I went to see a flat this evening. Actually it was the second time I'd been to see it as the first time nobody had been there. The area is incredible. There's a Japanese restaurant around the corner where the Nagoyan family who owns it have an entire section in the menu for okonomiyaki and the only people in there were Japanese. There's a Spanish restaurant across the street where the owner is Galician and there's both pulpo and caldo Gallego on the menu, there are local grocers aplenty, and there's a Creole restaurant around the corner where the owner from Martinique told me about the mouth-watering things on the menu that combined mango, fish, spices and exotic vegetables in the most incredible sounding ways. This is my kind of area! In addition, the fact that it's on the same subway line as my gym and the institute makes it really special. Unfortunately the house was not, and I'm going to have to keep looking, but at least I know have an idea of my ideal area, even if it is one of the most sought after in the city.

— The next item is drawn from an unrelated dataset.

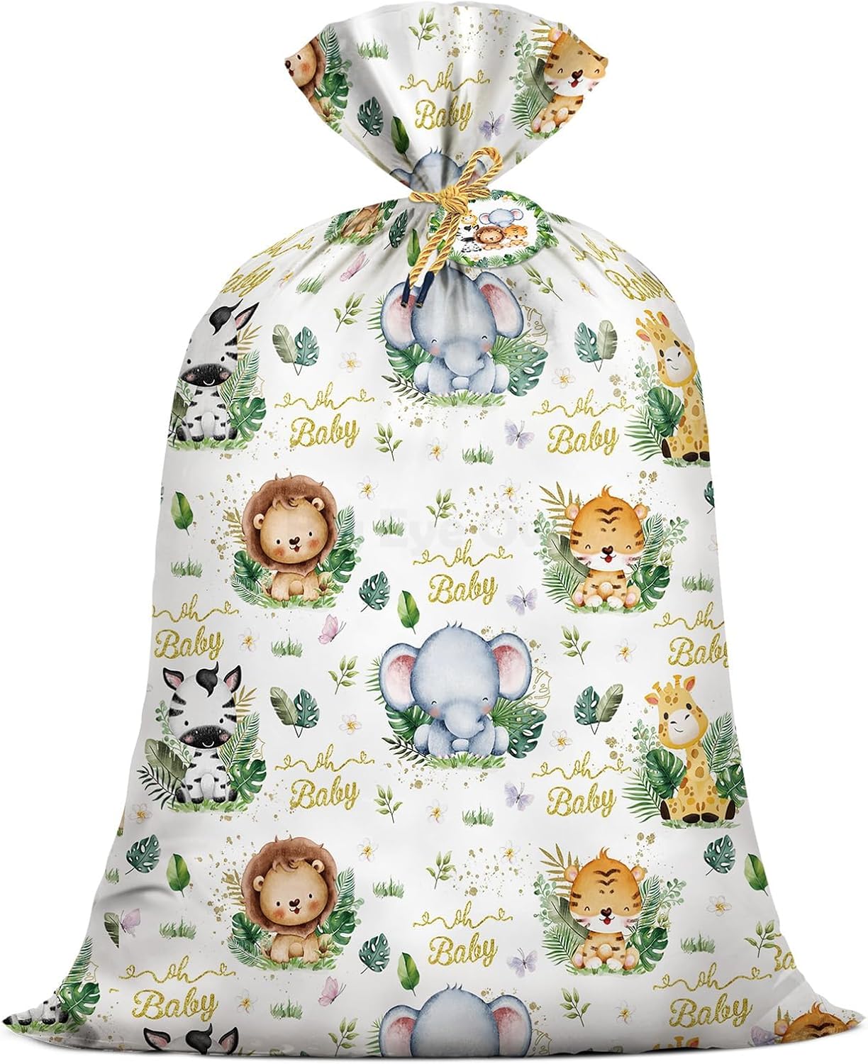 Baby Shower Bags Safari Jungle Animals Gift Bags Plastic Present Bag Gift Wrap Baby Shower Gender Reveal Party Birthday Party Favors Supplies with Ropes

Anyway, coming out of the Galician restaurant, where I'd spent a while chatting to the owner about the wines, I was reminded of a photo I'd been editing for a while, from my first summer in Galicia when I went with a couple of friends up to the Costa de Muerte. On the way we passed an abandoned boat and I got some shots of it. I wanted to play a bit with this photo because the contrasts between the background and the boat are not that strong, so I've needed to do quite a bit of work to get it to this stage. After a dozen or so masked adjustment layers I'm getting happier with the results, and this sort of exercise is definitely something I should be trying more. When you stare at a photo for a couple of hours it becomes very difficult to be at all objective about it, but this is a part of the art that I need to work on.

Galician boat
So, re. the housing situation it's looking pretty bleak still, but I have a couple more flats to see this week and I'm still holding out hope.